Technical warranties may not extend to warranties about the functionality and quality of the software, but are likely to relate to bugs, complaints and other issues.

  • Warranties often focus on a fixed period prior to completion, for instance that there have been no significant bugs or errors in the three years up to completion.
  • Warranties may also be required about viruses, and vulnerability to viruses.
  • The greater protection here will generally be due diligence and the retention of key staff to ensure that the incoming owner can have a meaningful handover in how to maintain, support and develop the software. If the sellers are staying on, this will generally be dealt with through a separate services agreement.


Ownership warranties will be quite high level and self explanatory. If any open source or third party software is incorporated into the target’s software, this needs to be clearly carved out of the ownership warranties.

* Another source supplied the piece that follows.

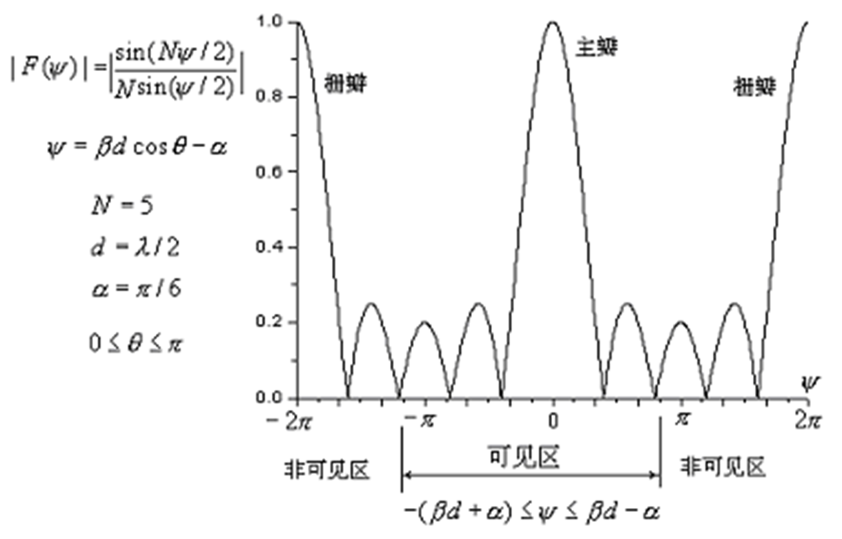 例:单元数为N=5,单元间距为d=λ/2,均匀递变相位为α=π/6时的归一化阵因子F(ψ)随ψ变化的图形:

Infringement warranties will relate both to existing disputes and to potential infringement.

  • Sellers should be quite comfortable in providing warranties about any disputes they have been involved in (e.g. they may be able to warrant that they have not received notice of any infringement regarding their software), but may be more cautious around providing blanket warranties that the software does not infringe any third party rights.
  • Warranties around potential infringement may be restricted by reference to the seller’s awareness. For example “To the best of the seller’s knowledge…”
  • Open source or third party software should also be carefully considered here, and may be subject to a more restricted warranty.

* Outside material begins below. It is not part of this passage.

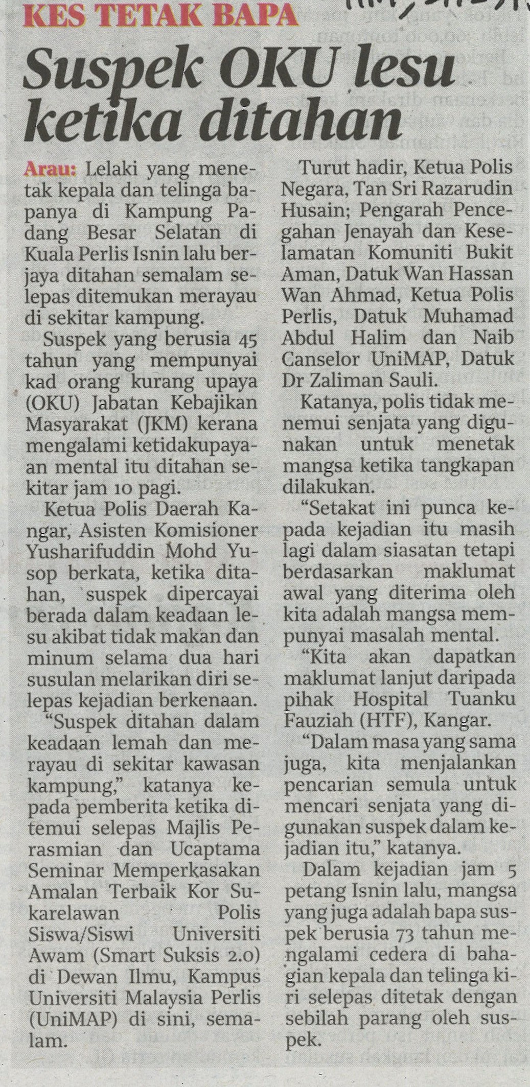 KES TETAK BAPA Suspek OKU lesu ketika ditahan

Contractual warranties generally focus around the content and disclosure of contracts. Due diligence can achieve more in this area than in relation to issues like ownership, so fewer warranties are usually required.

  • Unless every contract has been reviewed, buyers may request warranties that the target’s contracts do not include certain provisions (such as a change of control clause for the customer)
  • Sellers will often have to provide warranties regarding the completeness of their disclosure, for instance, they may need to warrant that they have provided every software contract worth more than a certain value.